2014-10-29-14.01.23-(1)Tari Ann Ayala is now the managing editor of Billboard Magazine, a prestigious position in the world of New York City publishing. But three years ago, while working at Glamour after stops at Elle and O magazines, she became disenchanted with the world of media and took a radical turn back to the time she’d spent with her grandmother in Puerto Rico, plucking avocados and listening to the sound of roosters, cows and goats.

“I was burned out – wolfing down takeout in three bites while waiting for the subway and averaging 60-hour work weeks,” Ayala told Fox News Latino.

So in 2011, she enrolled in a program at the Institute for Integrative Nutrition, studying to become a holistic health coach, while also taking a position as an apprentice on a small farm in Crown Heights, Brooklyn, to learn urban farming.

While she eventually returned to publishing at Billboard in 2014, that drastic move gave birth to Tierra Sana Holistics (which translates as Holy Earth Holistics), a website and business offering Ayala’s services in nutritional coaching, planning urban gardens and cleansings for body and home.

The programs Ayala designs for her customers have what she calls “bio-individuality” – meaning that they’re personalized.

“For example,” Ayala explained, “bananas are generally well-known to be an amazing source of potassium and a staple in healthy diets. If someone suffers from ailments related to inflammation, we might switch out bananas for another healthy choice a few days a week, as bananas have been associated with having higher inflammation effects on those suffering from arthritis.”

She said, “I get to know my clients and help them navigate what seems like a perfectly healthy choice that might not be working for them.”

In her work, Ayala takes a pragmatic approach – suggesting to clients that eating something healthy is better than nothing healthy. She pushes people to eat greens and limit processed foods and sugars. Or to eat fruit, even if it’s not organic.

“Inching your way from one end of the spectrum (never cook, no veggies, fast foods) to the other (organic and local-grown whole foods, cooking, zero processed foods) is all any of us can do,” she told FNL. “Sometimes time, access and stress can lead to bad choices.”

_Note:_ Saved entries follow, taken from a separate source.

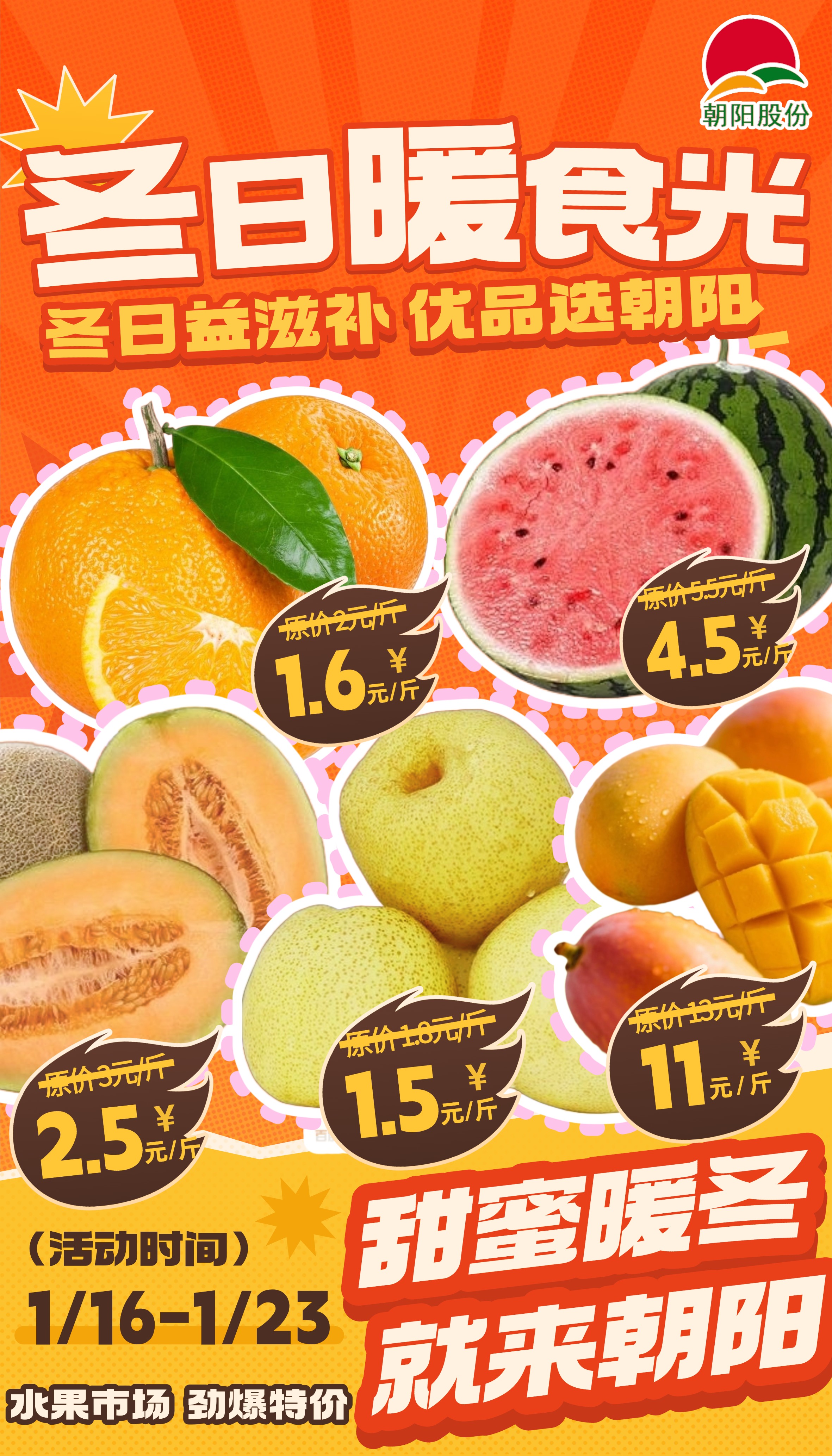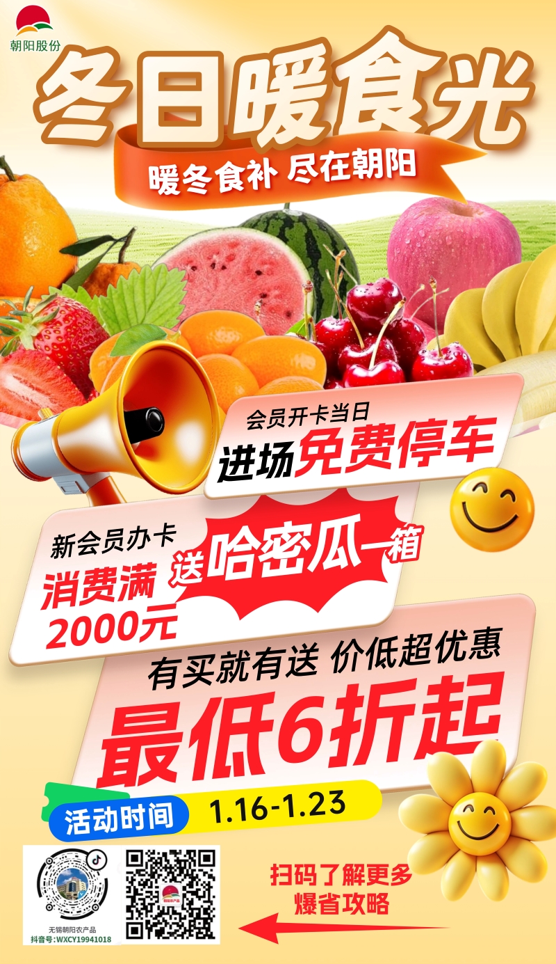 寒风凛冽,暖食暖心!当冬日的烟火气遇上实打实的采购福利,幸福感直接拉满!朝阳农产品大市场“冬日暖食光”蔬果促销活动温情启幕,1月16日-1月23日,精选当季优质蔬果,全场促销价均低于行情价,劲爆让利不停歇,为你承包整个冬日的新鲜与实惠!
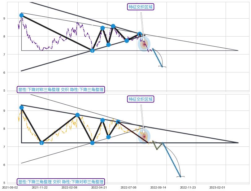 ➣ 下降对称三角整理:下行突破支撑位破位, 猜想持续下沉下跌,被突破的支撑位已变为阻力位
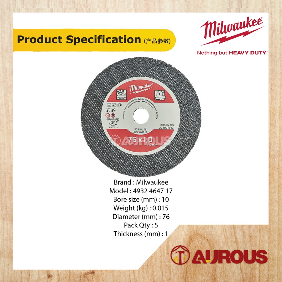 MILWAUKEE 3 INCH INOX METAL CUT OFF WHEEL FIBRE CUTTING DISC 76MM X 10MM (4932-4647-17) 5PCS/PACK
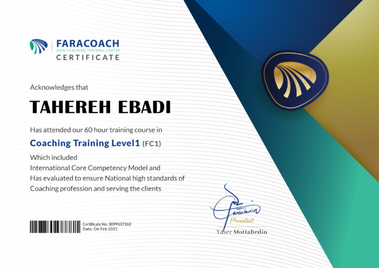 کوچ معتبر سطح دو دارای مدرک مورد تایید icf لیسانس روانشناسی عمومی دوره های ارتباط بدون خشونت (nvc) تحلیل رفتار متقابل (TA) دوره ی بین المللی مقدماتی و تکمیلی مربی گری فلسفه ی کودک 250 ساعت دوره ی “پویایی خانواده ”
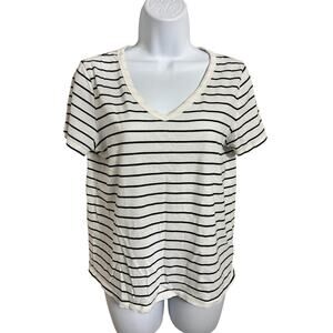 Comfortable v-neck tee in a black and white striped design. It is a v-neck tee with short sleeves. It is in good pre owned condition.
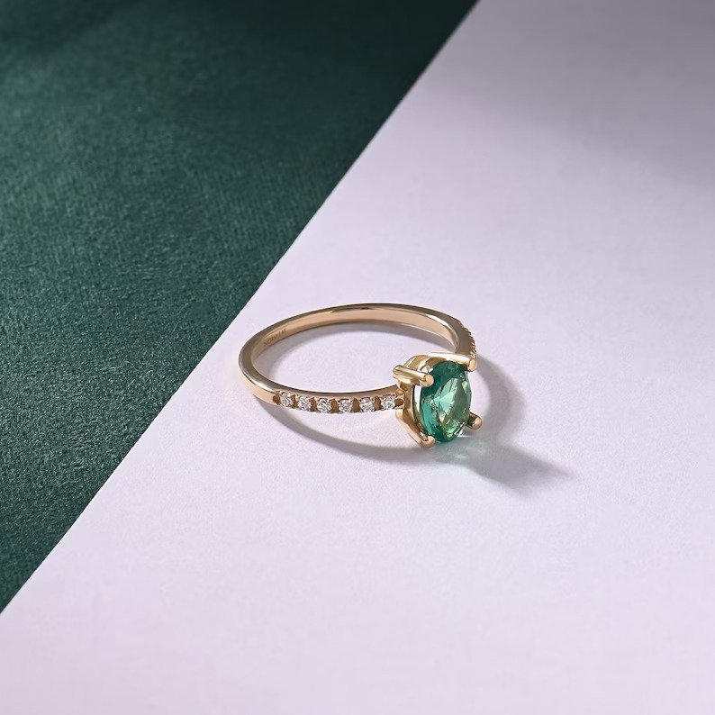 Elegant 18k solid gold emerald oval solitaire ring, combining vibrant green emerald with a classic solitaire setting for a sophisticated and lasting statement.
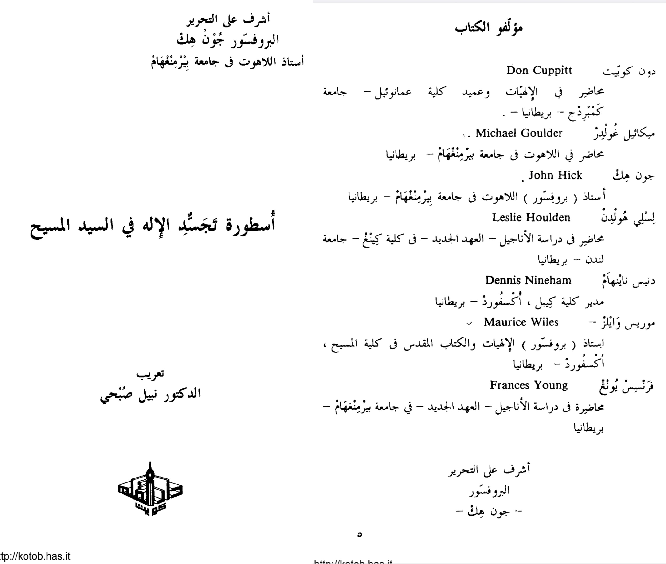 بسم الله الرحمن الرحيم و به نستعين هناك بعد الكلمات القليلة غير دقيقة فى الترجمة سيلاحظها المتمرس ما أعجبني فى هذا الكتاب هو زيادة يقيني بأنّ المسلم كلما تعمق فى عقائده زاد إيمانه أما النصراني كلما تعمق فى عقائده أنكرها القراءة و التحميل من الروابط التالية كتاب أُسطورة تجسد الإله فى المسيح كتاب أُسطورة تجسد الإله فى المسيح The Myth of God Incarnate للمزيد من مواضيعي
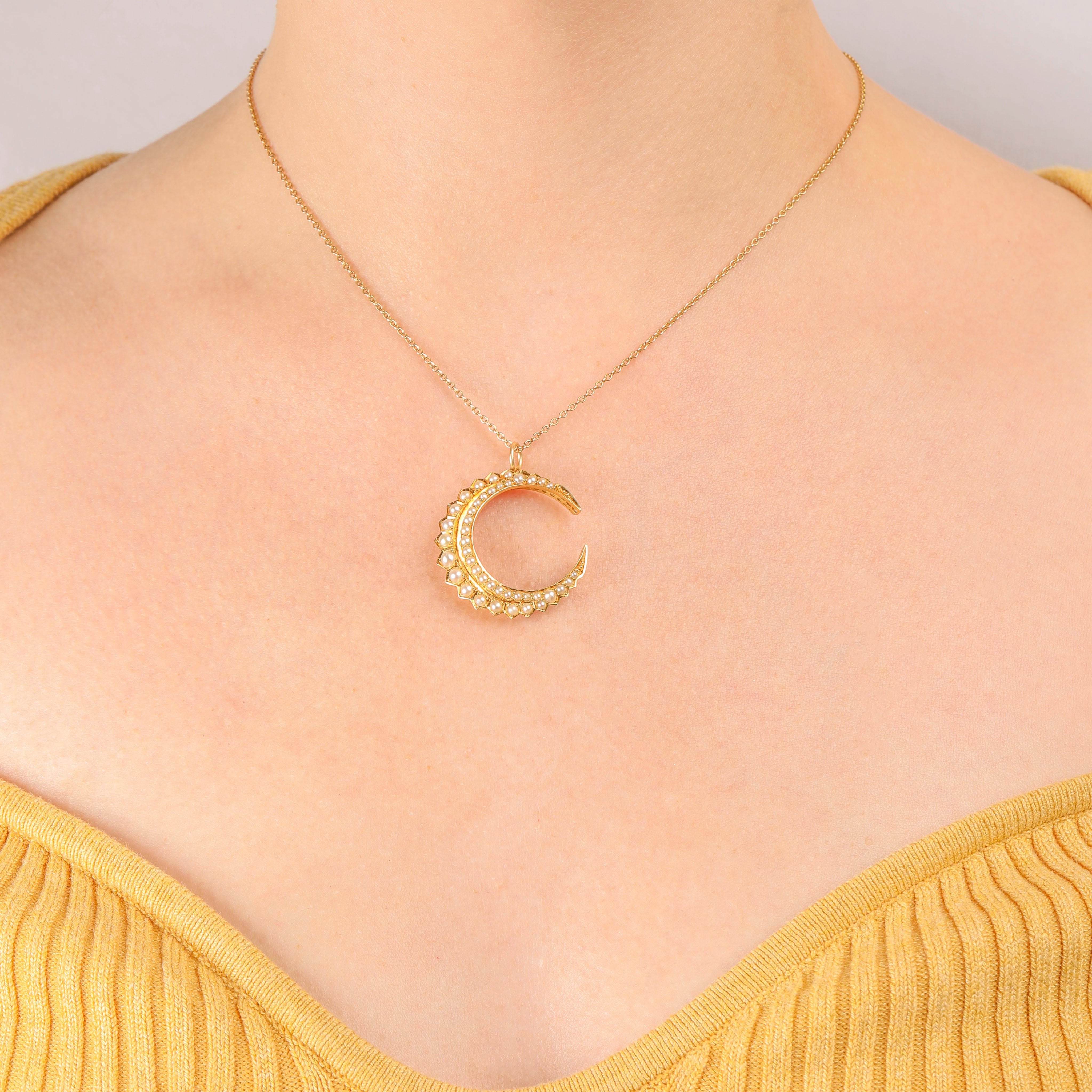 EXCELLENT. This antique 15ct Gold double row Pearl crescent moon pendant is in excellent condition! All Pearls are present, possessing a lovely luminosity and shimmer. They graduate in size, and sit securely within saturated 15ct Gold. She is an authentic Victorian find deserving of a home where she'll be cherished!
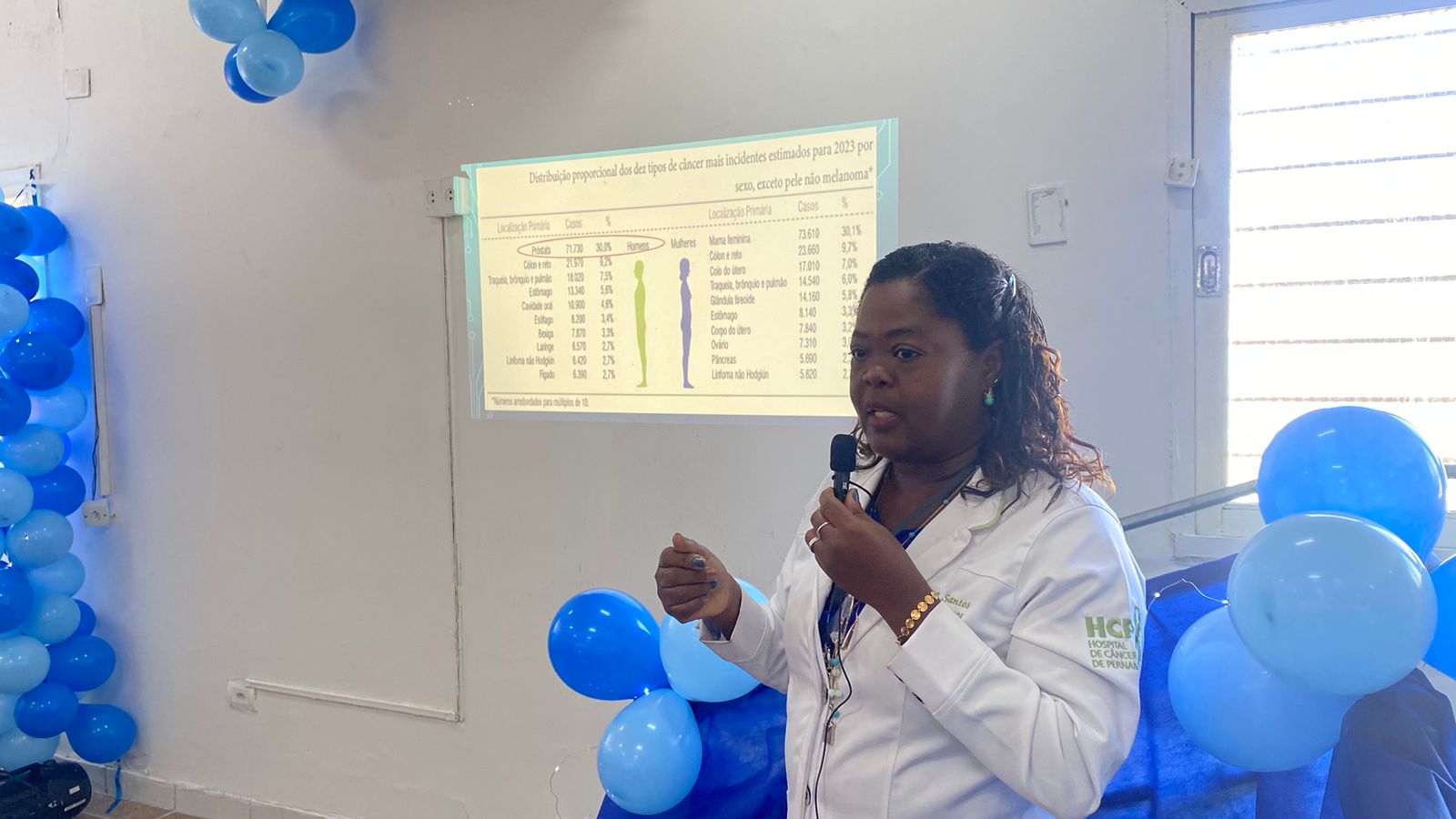 “É um momento de cuidado com os pacientes para que eles se sintam à vontade e saiam daqui relaxados e bem informados. A fisioterapia atua na reabilitação do paciente com câncer de próstata, por exemplo. Então, trabalhar esse tema é muito importante”, declarou Luciana Mergulhão.
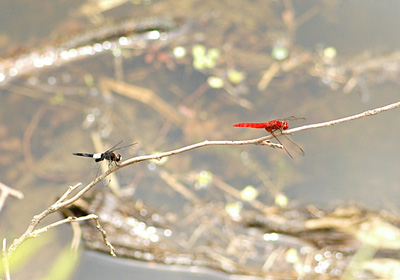 この冬、溜池の水が干上がったところもあり羽化したトンボの数が少ない。トラフトンボ、ヨツボシトンボ、マルタンヤンマが減り、写真の赤い色のショウジョウトンボと黒い色のコシアキトンボも例年になく少ない。
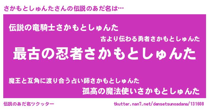 | 意味不明あだ名 | 『自称さかもとしゅんた』 |
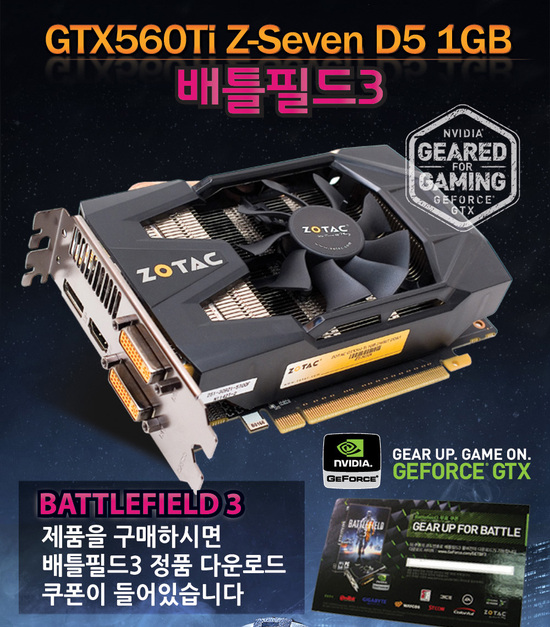 배틀필드3 정품 쿠폰이 제공되는 'ZOTAC GeForce GTX 560 Ti Z-Seven 배틀필드3'
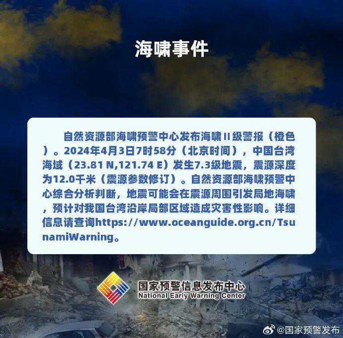 随后,自然资源部海啸预警中心再次发布海啸警报,为海啸Ⅱ级警报,也就是橙色警报。今天7时58分,中国台湾海域发生7.3级地震,震源深度为12千米。自然资源部海啸预警中心综合分析判断,地震可能会在震源周围引发局地海啸,预计对我国台湾沿岸局部区域造成灾害性影响。
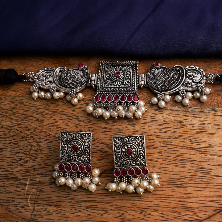 Discover vintage charm with our oxidised neckpiece and earrings set. Perfect for adding a rustic yet elegant touch to your attire, ideal for cultural events and gatherings.

A lot of what Ayala tries to get her clients to understand is the relationship between their mental well-being and what they eat. “I want to reduce the chemicals in your diet. I do a pantry cleanse, and I ask clients to keep a food diary, but there’s also a huge emotional component, like a chat with a girlfriend. We need to figure out and navigate why you eat, what to eat and what are your triggers,” she said.

But she emphasizes that food isn’t the end goal. “Health is a journey not a destination.”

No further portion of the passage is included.